■ YOUR GOAL:
Below are lines of records; copy exactly those from the one containing "The responses received" through the one containing "Hot Air Balloon", leaving the pictures behind.

■ DATASET EXTRACT:
- - -
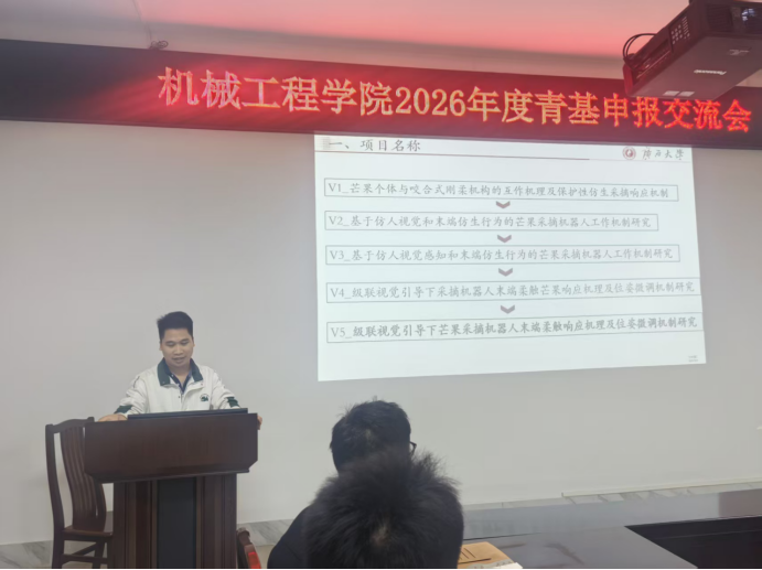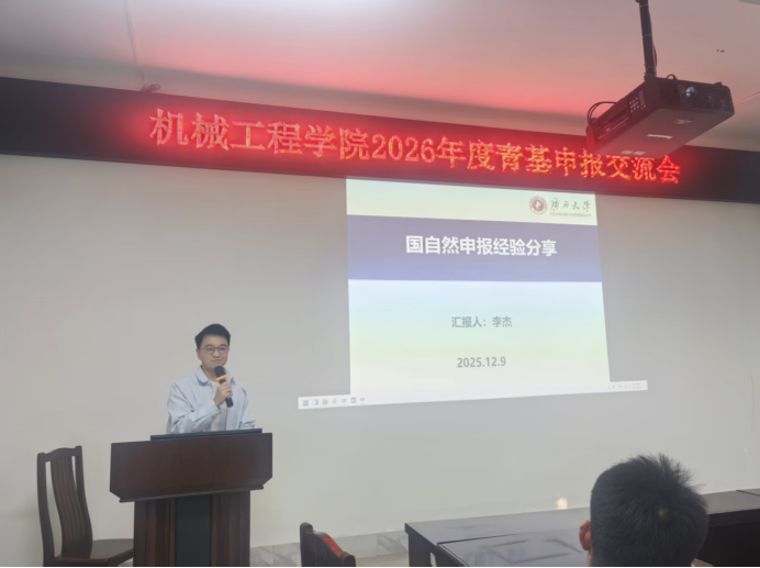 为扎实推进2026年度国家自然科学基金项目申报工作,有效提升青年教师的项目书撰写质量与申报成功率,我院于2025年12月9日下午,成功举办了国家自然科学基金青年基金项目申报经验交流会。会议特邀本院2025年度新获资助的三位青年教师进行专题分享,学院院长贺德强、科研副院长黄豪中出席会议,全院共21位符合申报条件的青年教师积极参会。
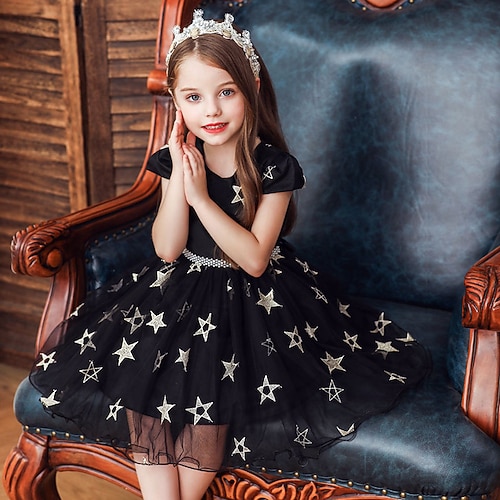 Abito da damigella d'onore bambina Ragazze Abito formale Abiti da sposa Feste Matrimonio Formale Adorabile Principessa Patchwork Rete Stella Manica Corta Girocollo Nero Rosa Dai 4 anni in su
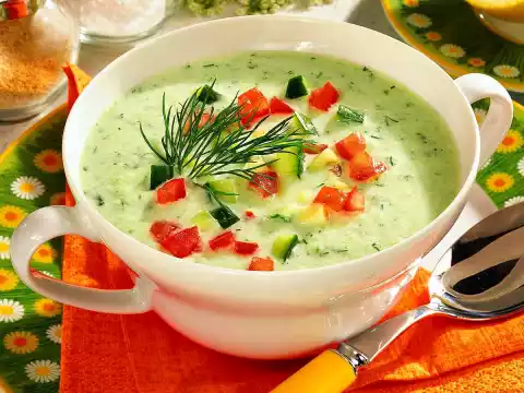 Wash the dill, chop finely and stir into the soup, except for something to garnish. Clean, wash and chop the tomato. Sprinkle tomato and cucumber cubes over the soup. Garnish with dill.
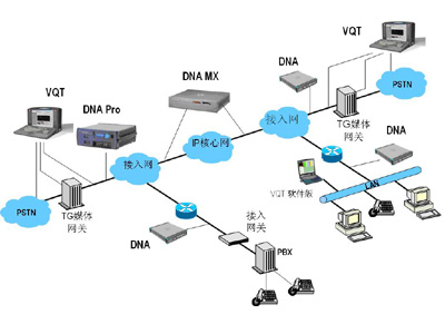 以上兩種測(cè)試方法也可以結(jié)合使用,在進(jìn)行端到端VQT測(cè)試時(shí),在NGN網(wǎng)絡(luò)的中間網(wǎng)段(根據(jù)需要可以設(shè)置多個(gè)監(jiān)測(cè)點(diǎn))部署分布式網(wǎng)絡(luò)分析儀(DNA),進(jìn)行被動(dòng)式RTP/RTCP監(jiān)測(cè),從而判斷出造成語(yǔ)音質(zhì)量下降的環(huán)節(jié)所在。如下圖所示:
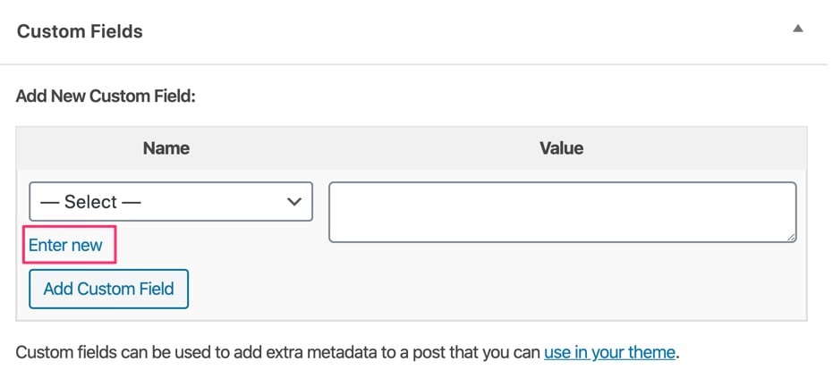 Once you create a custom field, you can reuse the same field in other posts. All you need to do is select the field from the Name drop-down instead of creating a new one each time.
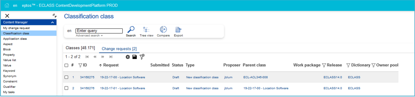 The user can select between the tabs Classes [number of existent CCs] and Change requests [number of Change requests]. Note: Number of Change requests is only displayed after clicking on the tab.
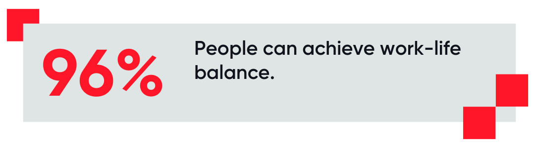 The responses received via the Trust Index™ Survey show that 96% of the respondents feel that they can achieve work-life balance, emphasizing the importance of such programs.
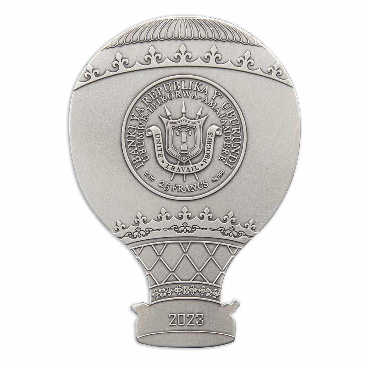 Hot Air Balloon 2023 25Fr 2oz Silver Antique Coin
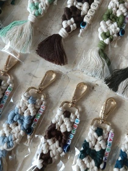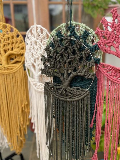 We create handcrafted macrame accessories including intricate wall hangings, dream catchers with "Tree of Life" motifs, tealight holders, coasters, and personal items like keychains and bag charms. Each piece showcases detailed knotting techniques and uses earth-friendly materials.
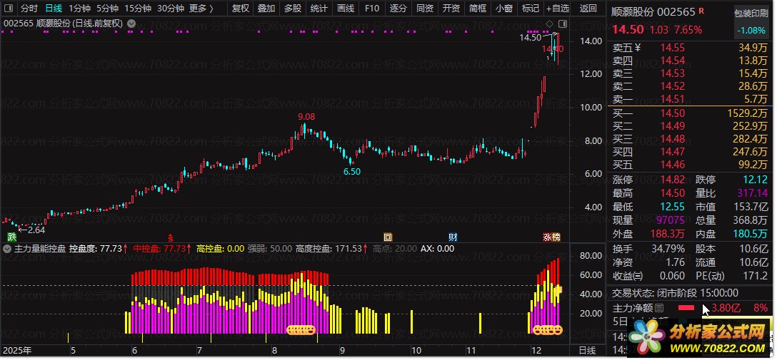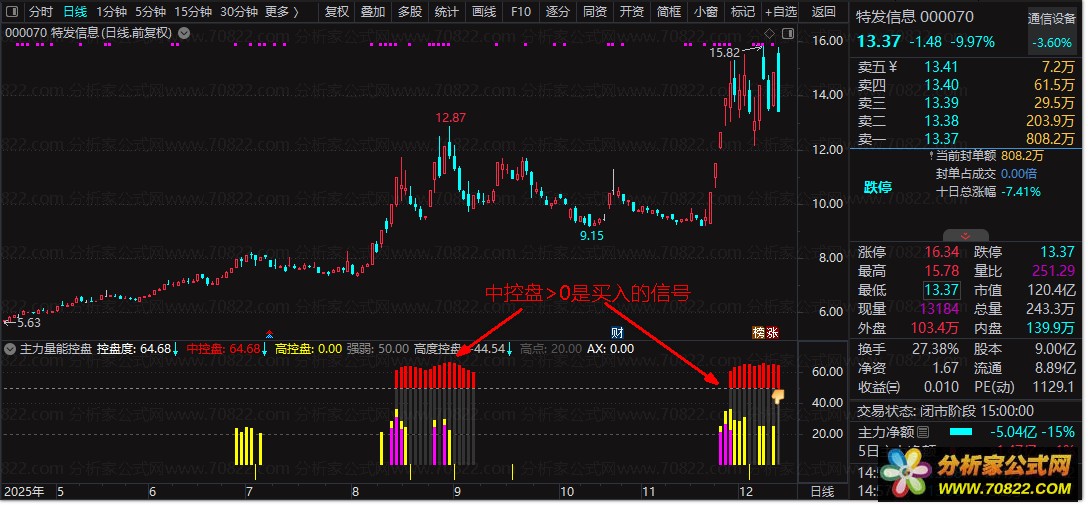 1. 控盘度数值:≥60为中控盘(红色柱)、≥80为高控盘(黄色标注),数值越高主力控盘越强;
- - -
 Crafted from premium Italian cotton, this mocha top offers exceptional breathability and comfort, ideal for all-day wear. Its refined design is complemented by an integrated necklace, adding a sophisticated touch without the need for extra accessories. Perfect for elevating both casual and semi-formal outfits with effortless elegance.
- - -
■ OUTPUT BELOW:
 The responses received via the Trust Index™ Survey show that 96% of the respondents feel that they can achieve work-life balance, emphasizing the importance of such programs.
 Hot Air Balloon 2023 25Fr 2oz Silver Antique Coin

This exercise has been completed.